During the six months ended March 31, 2017, the Company (i) borrowed $8,710 from its chief executive officer, (ii) borrowed $20,751 from its former chief executive officer and (iii) repaid $2,379 to the former chief executive officer. On January 30, 2017, in connection with the sale by the former chief executive officer of his stock, a non-interest bearing demand loan of $28,372, was cancelled by the former chief executive officer and recorded as additional paid-in capital.
As of March 31, 2018 and September 30, 2017, the Company had due to related parties of $95,294 and $36,379, respectively.
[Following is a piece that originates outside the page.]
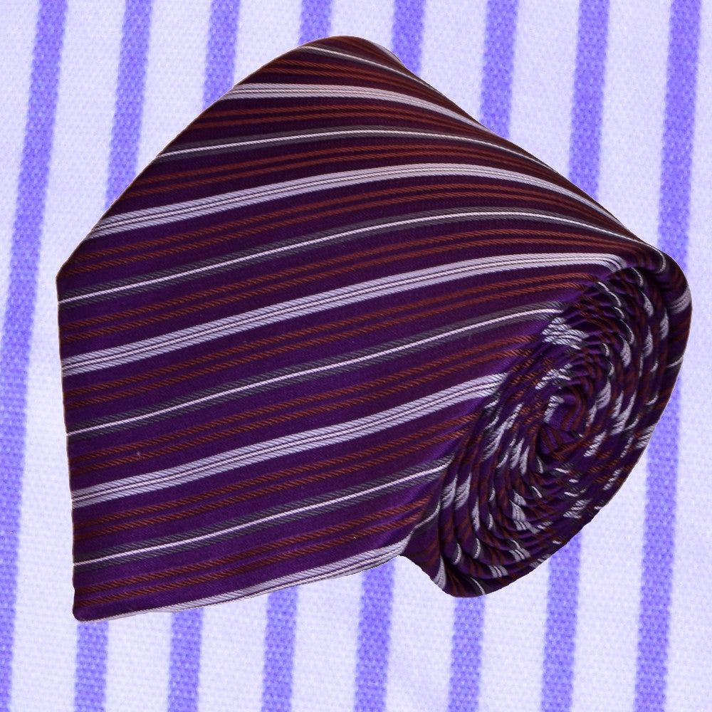 VINTAGE, DARK-BYZANTIUM PURPLE, STRIPED, SILK NECKTIE 3,5 INCHES (9 cm.)

NOTE 5 - COMMITMENTS AND CONTINGENCIES
On November 30, 2017, the Company entered into a lease agreement to rent a storage place in Hong Kong for a two-year term at HK$19,500 (approximately $2,500) per month. The Company paid $4,992 (HK$39,000) as a security deposit. For the three and six months ended March 31, 2018, the Company incurred $7,533 and $10,053 rent expense, respectively. There were no rent expense incurred in the three and six months ended March 31, 2017.
NOTE 6 -
SUBSEQUENT EVENTS
The Company has evaluated subsequent events that have occurred after the date of the balance sheet through the date of issuance of these financial statements and determined that no subsequent event requires recognition or disclosure to the financial statements.